Three frameworks for explaining why some locations become hotbeds for entrepreneurship
-
External or agglomeration economies: Companies co-located in an area benefit from “external economies of scale” (i.e. emerging companies need common inputs like infrastructure, specialized legal and accounting services, labor pools, etc.) and the fixed costs of these resources is shared. This also includes network effects where the addition of an additional member to the network enhances the value of the network for existing members.
-
Horizontal Networks: Network effects are better leveraged by a community with a culture of openness and information sharing across companies / industries (i.e. Silicon Valley companies are able to better share information, adopt new trends, leverage innovation and nimbly respond to new conditions).
-
Creative Class: Creative Class individuals (entrepreneurs, engineers, professors, artists, etc.) want to live in nice places, enjoy a culture with a tolerance for new ideas and weirdness, and most of all - be around other creative class individuals (another example of network effects).
The fourth framework is the Boulder Thesis
- Entrepreneurs must lead the startup community. While government, universities, inventors, mentors and service providers are important - they can’t be the leaders.
- The leaders must have a long term commitment: 20 years from today (that the commitment resets daily) regardless of the economic cycle their community is currently in.
- The startup community must be inclusive of anyone who wants to participate in it.

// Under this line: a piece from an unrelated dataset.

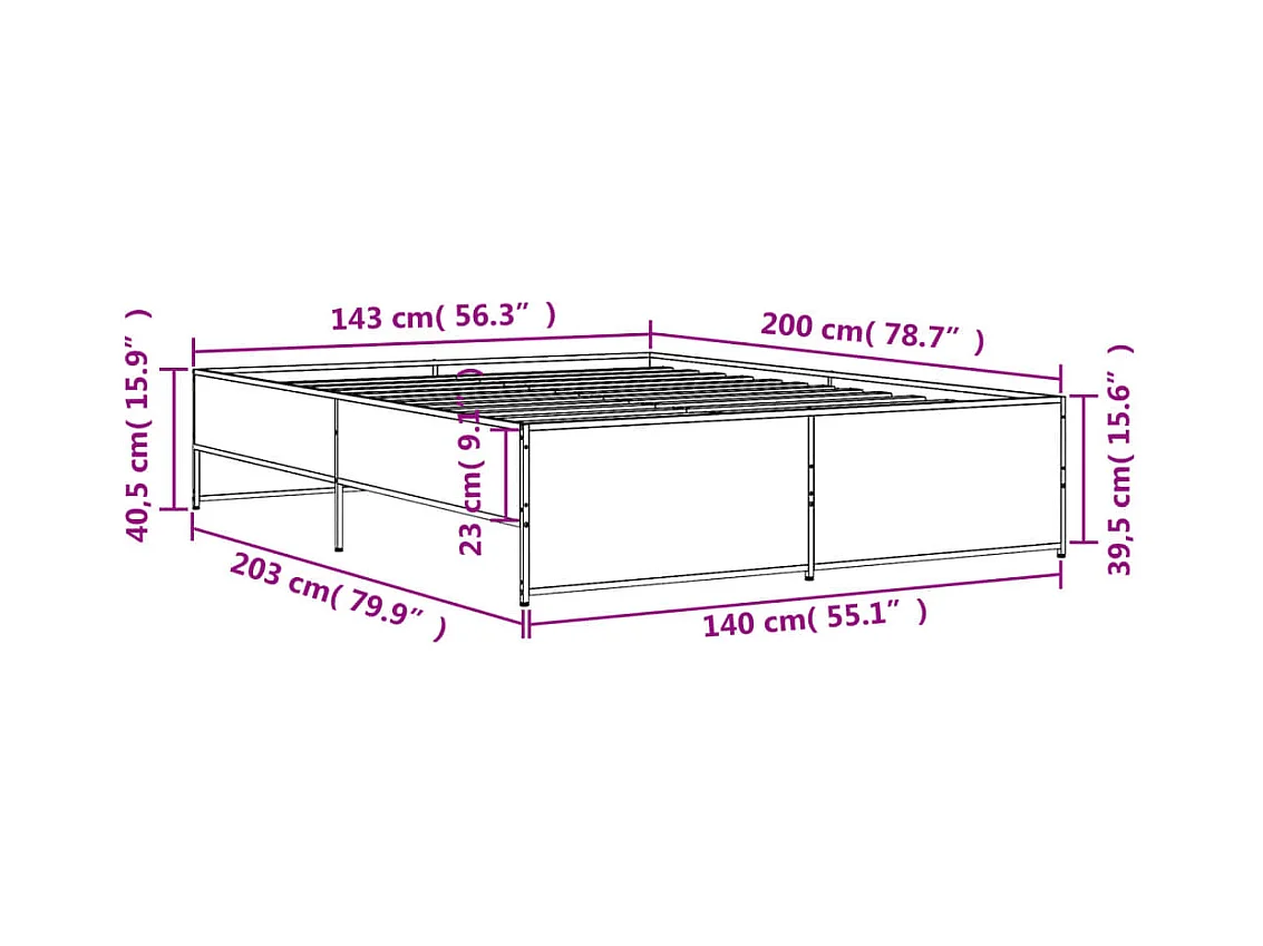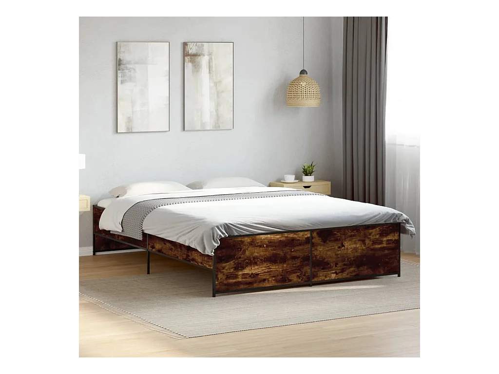 Cadre de lit chêne fumé 140x200 bois d'ingénierie et métal

- The startup community must have continual activities that engine the entire entrepreneurial stack.
“High Growth Entrepreneurial Companies” vs “Small Businesses”

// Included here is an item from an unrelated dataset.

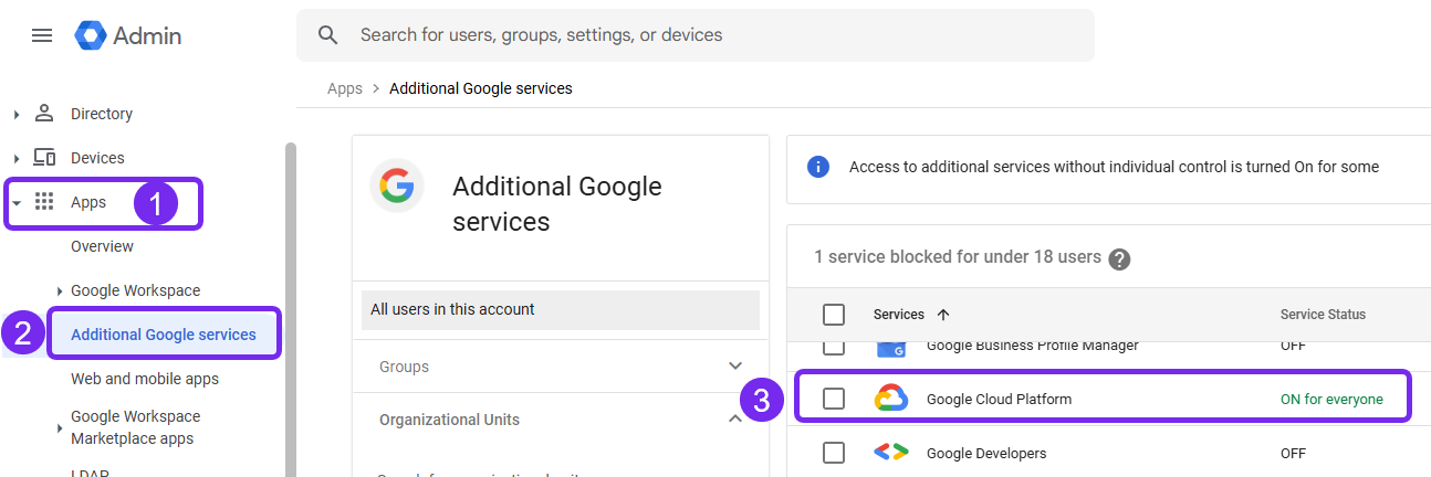 If the service account creation fails, verify that Google Cloud Platform is enabled in your Google Admin Console.

Small businesses are local, profitable, slow growth and have a tight co-dependency on their community (and are often “pillars of the community”).

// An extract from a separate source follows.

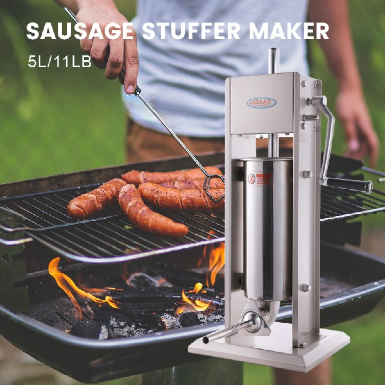 Вертикальна конструкція: Вертикальна конструкція наповнювача для ковбас Hakka заощаджує місце та забезпечує надійну роботу. Наповнювач можна легко розташувати вертикально або горизонтально, що спрощує його використання у різних кухонних приміщеннях.

Entrepreneurial companies have the potential to be high growth, are only involved in the local community as employers and indirect contributors to small businesses and the local economy but their extreme focus on their companies keeps them from being involved in the broad business community
The Leaders
There is no “leader of the leaders” - the best startup communities are loosely organized and consist of broad, evolving networks of people. By having inclusive philosophies, it’s easy for new leaders to emerge organically.
Feeders (everyone else) are on different time cycles (e.g. two or four year cycle of the government) or different motivations (i.e. service providers can grow by increasing revenue from clients). Many entrepreneurs have families and struggle mightily with balancing work and the rest of their life - “leading their startup community” can sound like one more burden on top of an already overwhelming set of responsibilities. Entrepreneurial leaders need to be inclusive of any feeders that want to participate.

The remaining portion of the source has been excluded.